Relationship to the Packages TockyPrep and TockyLocus
The TockyPrep package is designed to facilitate data preprocessing for flow cytometric Fluorescent Timer data. Subsequently, the TockyLocus package leverages this preprocessed data to apply data categorization methods, enabling quantitative analysis of Timer Angle data (Bending et al. (2018)). However, this approach is applicable to one-dimensional data only.
The TockyRandomForest package utilizes the special
object class TockyPrepData
provided by the
TockyPrep package to perform machine learning
analysis
Install TockyRandomForest
To begin using TockyRandomForest, you need to install both the TockyRandomForest and TockyPrep packages from GitHub:
# Install TockyPrep and TockyRandomForest from GitHub
devtools::install_github("MonoTockyLab/TockyPrep")
devtools::install_github("MonoTockyLab/TockyRandomForest")
Sample Workflow
Identifying CNS2-dependent Foxp3 transcriptional dynamics
This section guides you through a typical analysis workflow using
TockyRandomForest to process flow cytometric data of
cells expressing Fluorescent Timer proteins.

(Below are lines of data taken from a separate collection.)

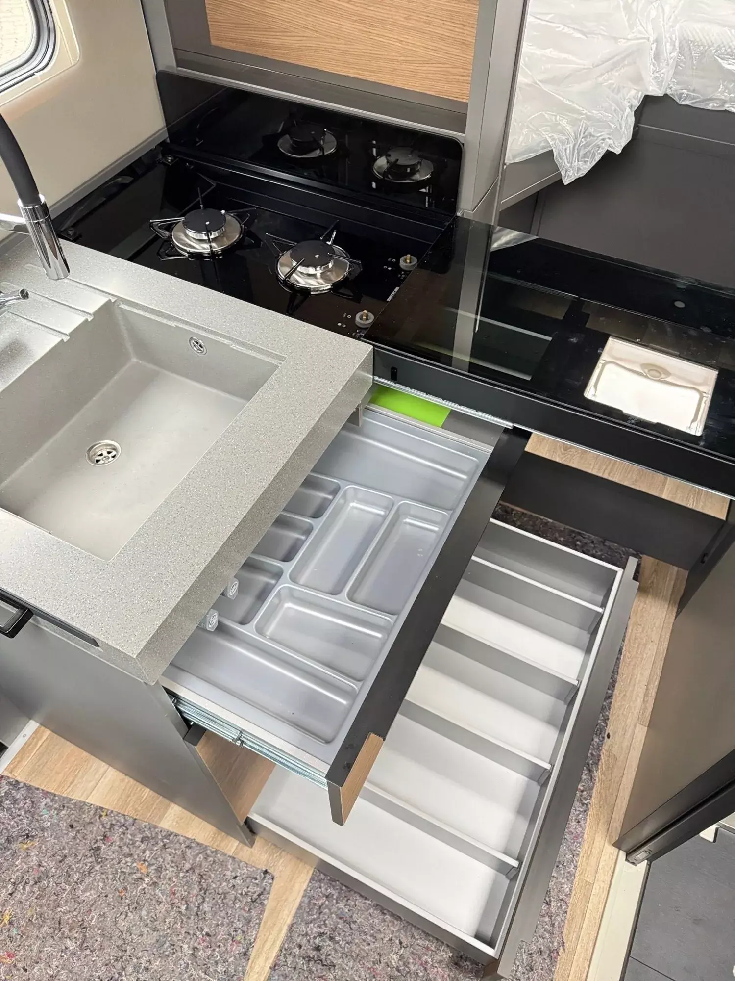 - Stauraumkiste ausziehbar auf Fahrerseite (nicht in Verbindung mit Gastank, Code V5025511)
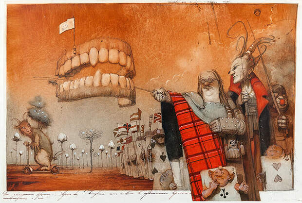 Читать "Алису", уверен автор издания Кирилл Чёлушкин, надо исключительно на английском – в переводе совершенно теряется тонкий юмор и вся красота истории Кэрролла. Язык изобразительного искусства, к счастью, универсален: вся суть и прелесть Alice's Adventures in Wonderland — в хулиганских иллюстрациях Кирилла и кропотливой работе, которая стоит за каждым экземпляром. Все они уникальны благодаря ручной прошивке переплета и окраске обреза — дарить только большим ценителям!
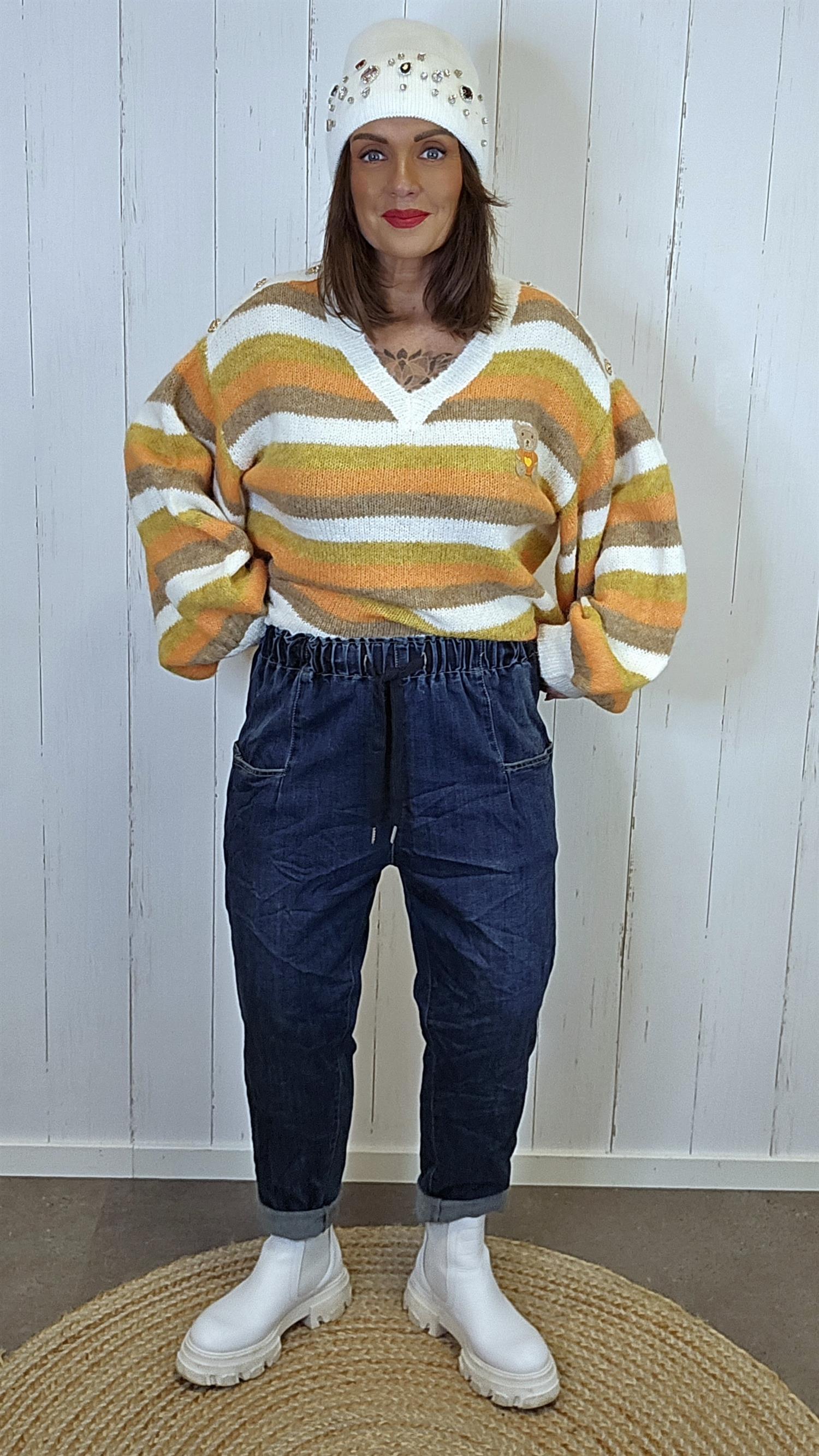 Superbehagelig jeans med strikk i livet som gir ekstra komfort og fleksibilitet. Modellen har dype lommer i front som både er praktiske og gir et pent uttrykk. Jeansen har god vidde, med ekstra romslighet over lårene, og kommer i en fin, mørkblå nyanse som er enkel å style til mange anledninger. En komfortabel hverdagsjeans med avslappet passform.
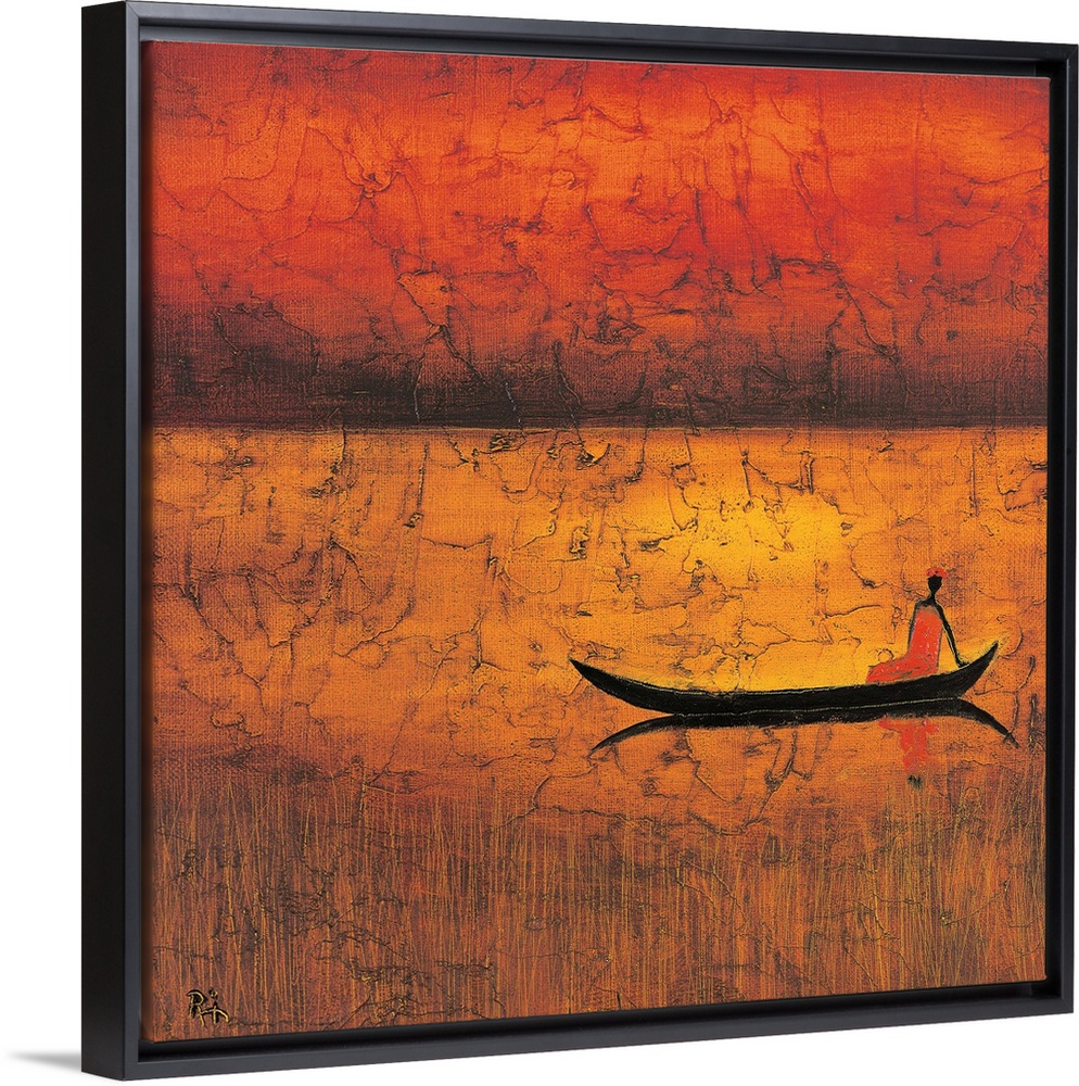 <p>Contemporary painting of a tribal figure on a boat casting a reflection in the water.</p>

To facilitate the analysis,
preprocessed data are provided, and the TockyPrep
package offers methods to analyze data using its S4 object class
TockyPrepData
.
First, load the necessary packages.
library(TockyPrep)
library(TockyRandomForest)
library(gridExtra)
Load example TockyPrepData
objects included in the
TockyRandomForest package as follows:
# Example data load
# Define the base path
file_path <- system.file("extdata", package = "TockyRandomForest")

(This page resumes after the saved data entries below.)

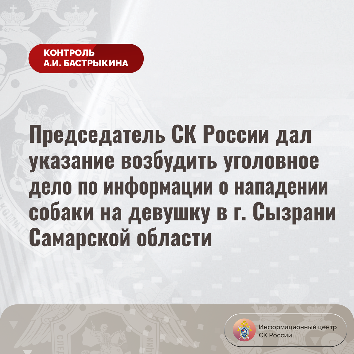 Председатель СК России дал указание возбудить уголовное дело по информации о нападении собаки на девушку в г. Сызрани Самарской области В социальной сети сообщается, что 25 апреля текущего года в городе Сызрани Самарской области собака бойцовой породы, находясь на самовыгуле без намордника, набросилась на 19-летнюю местную жительницу. Пострадавшей потребовалась медицинская помощь. Отмечается, что данный случай не единичный, ранее эта собака нападала на местных жителей. В СУ СК России по Самарской области по данному факту организована процессуальная проверка. Председатель Следственного комитета Российской Федерации Александр Иванович Бастрыкин дал указание и.о. руководителя СУ СК России по Самарской области Александру Владимировичу Воеводину возбудить уголовное дело и представить доклад о ходе и результатах его расследования. Исполнение поручения поставлено на контроль в центральном аппарате ведомства. #СледственныйКомитет #СКРоссии #СКР #ИЦСКР #ИнформационныйЦентр #АлександрБастрыкин #
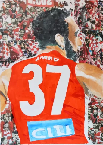 In our world today there are few places where we gather, like Church or School, and celebrate joyfully. My artwork is a painting and photo collage, capturing a moment of joy and hops during the 2012 premiership AFL game. Look past the image of Adam Goodes and focus on the faces of people who show the atmosphere, culture and spirt of community. St Paul recognised the spirituality in everyday life and that is why I chose to paint this joyful scene.
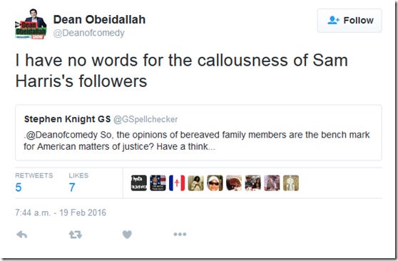For the crime of using simple logic, I’m described as ‘callous’ and Sam Harris gets the blame…

filenames <- list.files(path = file_path, pattern = 'CNS2.rda')
files <- file.path(file_path, filenames)
for(i in files){load(i)}
The dataset was generated by analyzing T-cells from Foxp3-Tocky mice (WT) and CRISPR-mediated Foxp3-Tocky mutants, specifically CNS2KO Foxp3-Tocky mice (KO). Here we aim to identify CNS2-dependent Foxp3 transcription dynamics in the Timer space in a data-oriented manner.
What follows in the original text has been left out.